LifeNews’ story about the “English spy” apparently failed to resonate very deeply with its Russian audience. On VKontakte, the country’s most popular social network, where the media outlet has more than 300,000 subscribers, just 268 people “liked” the article. Some readers mocked the notion that a history grad student could threaten the nation, while others expressed anger that the authorities weren’t doing more to curb the foreign menace.
Andrei Kokorin joked:
украла секрет валенок и балалайки
She stole the secret of valenki [traditional Russian winter footwear] and balalaikas [a Russian stringed musical instrument].
Yelena Sokolova noticed the discrepancy between Sumner’s actual conviction (violating the terms of her visa) and LifeNews’ accusation that she is a spy, appearing to blame police for failing to appreciate the danger:
Не поняла… она работала в архивах и изучала наши революции.

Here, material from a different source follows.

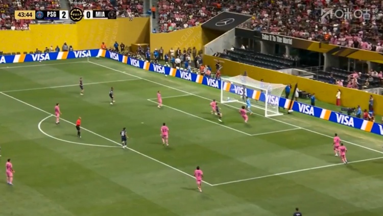 若奥-内维斯双响!布斯克茨失误被断!第39分钟,布斯克茨后场失误被断,法比安禁区右侧横传门前,若奥-内维斯推射空门得手,巴黎圣日耳曼2-0迈阿密国际!↓
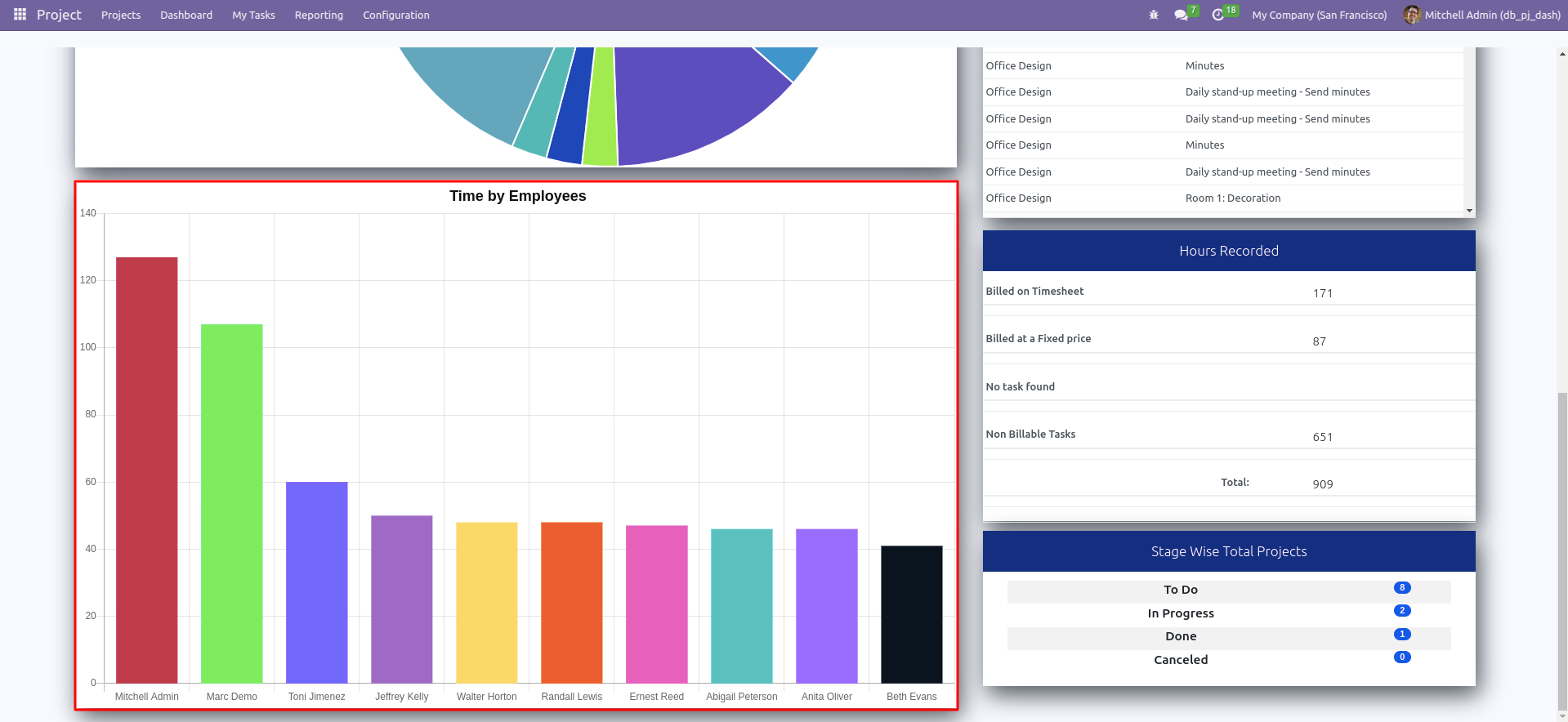 Project dashboard have different types of graphs that will give you complete analyse of the project module.

То есть, если бы виза была не деловая, а какая нибудь студенческая( или как там), то миграционное законодательство не нарушила бы, и могла бы дальше шпионить? Так что ли? ФСБ совсем заняться нечем?
I don’t get it … she worked in the archives and studied our revolutions. Meaning, if her visa hadn’t been a business visa, and had instead been a student visa (or something else), then she’d not have broken any travel laws, and she could have continued spying some more? Is that it? Does the Federal Security Service do nothing at all?
On Facebook, where the Russian userbase is generally more liberal and Western-leaning, LifeNews has only 75,000 followers. The outlet’s Facebook post about Sumner’s deportation attracted only 92 “likes,” and several unfriendly comments.
Oleg Sobchuk, for example, wrote:
правильно! Все кто ходят в библиотеку – шпионы! Кому нужны думающие люди? быдломасса – достояние роССии
Wonderful! Everyone who goes into a library is a spy! Who needs thinking people, after all? A mass of sheep is Rasha’s great legacy.
How to interpret the rising number of cases involving Western scholars expelled from Russian archives? Remembering the many sanctions currently levied against Russia (not to mention Moscow’s retaliatory boycotts against the West), the pressure on academics seems to be a political shenanigan. While it may be more than a little laughable to label these individuals spies, there’s nothing funny about the damage done to scholars’ careers, when they’re barred from Russian archives.
Writing about the phenomenon, however, is also tricky business. Scholars in the West are reluctant to publicize their names, presumably for fear of getting themselves further blacklisted. (And then there are those who say the incidents are isolated, denying any trend or “chill.”) In Russia, meanwhile, the threat of Western graduate students huddled in dusty archives, reading about the October Revolution, doesn’t seem to disturb or excite many people.
With that recipe for silence, there’s little reason to expect much to change.